• _Listed entries_
▶

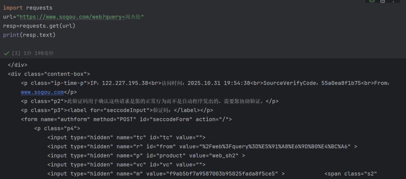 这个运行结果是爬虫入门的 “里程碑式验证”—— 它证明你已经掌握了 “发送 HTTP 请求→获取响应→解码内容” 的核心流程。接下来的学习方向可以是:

◀
▶

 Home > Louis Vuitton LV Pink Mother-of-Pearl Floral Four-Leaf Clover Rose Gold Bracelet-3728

◀
▶

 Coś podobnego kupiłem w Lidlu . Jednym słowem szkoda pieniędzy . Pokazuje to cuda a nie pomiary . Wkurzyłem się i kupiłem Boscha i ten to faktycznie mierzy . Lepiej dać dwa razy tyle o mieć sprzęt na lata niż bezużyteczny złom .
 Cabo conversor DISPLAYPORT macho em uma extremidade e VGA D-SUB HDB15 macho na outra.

◀

Output should match, line for line, the stretch of the material above from the line holding "Coś podobnego kupiłem" through the line holding "Cabo conversor DISPLAYPORT".

• _Response_
 Coś podobnego kupiłem w Lidlu . Jednym słowem szkoda pieniędzy . Pokazuje to cuda a nie pomiary . Wkurzyłem się i kupiłem Boscha i ten to faktycznie mierzy . Lepiej dać dwa razy tyle o mieć sprzęt na lata niż bezużyteczny złom .
 Cabo conversor DISPLAYPORT macho em uma extremidade e VGA D-SUB HDB15 macho na outra.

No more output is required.